R a été incarcéré au Centre de Détention de Rivières des Prairies;

R déclarait comme conjoint, C et il était possible de le joindre en cas d'urgence au 514-(...)

Lors de son arrestation R déclarait être en emploi.

      Subissant, à ce moment-là, en 2006, un épisode de stress intense pour une stupide bêtise 

      R ne se souvient absolument pas d'avoir déclaré quoi que ce soit à propos d'un conjoint. Comme, il ne se souvient pas, non plus, d'avoir dit qu'il avait un emploi alors qu'il n'en avait pas à ce moment-là

      L'enquêtrice Poirier néglige cependant de signaler dans sa preuve une télécopie contenue en page 162 du dossier

      Jessica, une agente de bureau du ministère de la sécurité publique lui signale le 29 janvier 2016:

      Je veux simplement vous aviser que M. n'a pas eu de personnes autorisées à le visiter, ni de visites quelconques. De plus, M n'a pas eu de dépôts d'argent dans son compte cantine.

      NDLR : Habituellement, un conjoint visite son ou sa conjointe. Un conjoint ou une conjointe font habituellement des dépôts à la cantine surtout si la personne y passe 13 jours.

Témoin 0
Preuve amenée par l'enquêtrice
Faits vérifiés : Rétablissons les faits

    Selon l'enquêteur, il s'agit d'une preuve de Commune renommée ( page 203 )

    Une voisine, lors d'un contact téléphonique en date du 29 septembre 2015, affirme que:

    Elle a habité de mai 2007 à octobre 2008, au (...) #4.
    Elle y habitait avec son conjoint; C'était un immeuble à 7 logements et le 7e était plus côté avec une entrée extérieure.
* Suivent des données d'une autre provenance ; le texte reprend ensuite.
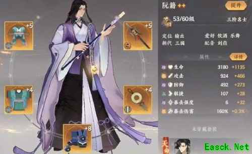 这个角色整体看起来伤害偏低,协战触发概率也不甚理想,但触发一次就会影响战局。个人建议红拂女当成辅助来玩。 推荐套装:流光(受击冰冻敌人,拖时间)、德盛(受击减元,拖慢快攻型阵容节奏)、市隐(保持阵容人数,提高协战次数)、捭阖(净化队友,提高阵容稳定性)。 五、阮籍:
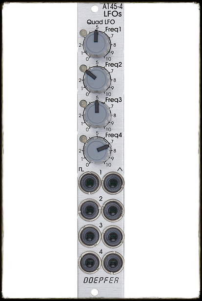 Module A-145-4 is a simple quad LFO (Low Frequency Oscillator). Not a very "exciting" module, just a bread-and-butter device and a simple demon for work. Virtually in every modular system several LFOs are required for modulation purposes. The module contains four simple LFOs with the waveforms triangle and rectangle. A dual color LED (red = positive / yellow = negative output voltage) indicates the triangle output of each LFO. The frequency range can be chosen for each LFO individually by means of a jumper between about 50 Hz ... 0,04 Hz (about 20 seconds, jumper removed) and about 2Hz ... 0,002 (about 8 minutes, jumper installed).

    Dans ce logement, elle confirme qu'il y avait 2 hommes qui y habitaient. Madame ne se souvient plus de leur nom, mais elle les croisait de temps en temps; Ces 2 hommes étaient en couple, des conjoints.


    ****
    La déclaration lui a été envoyée par la poste, mais madame ne l'a pas retournée. Un appel lui a été fait par l'enquêteur et madame a confirmé avoir reçu la lettre, que tout était correct, mais quelle avait oublié de l'envoyer. La déclaration n'a jamais été retournée à l'enquêteur.

      Madame Sophie (..) n'a jamais signé ni même retourné son témoignage à l'enquêteur.

      En résumé, Madame (..) : ne se souvient plus du nom des deux hommes; Elle les croisait de temps en temps; et elle ne peut fournir aucun autre renseignement sur les deux hommes.

      Toutefois, elle n'hésite pas une seconde à témoigner, sept ans plus tard, que : selon elle, les deux hommes étaient en couple, des conjoints.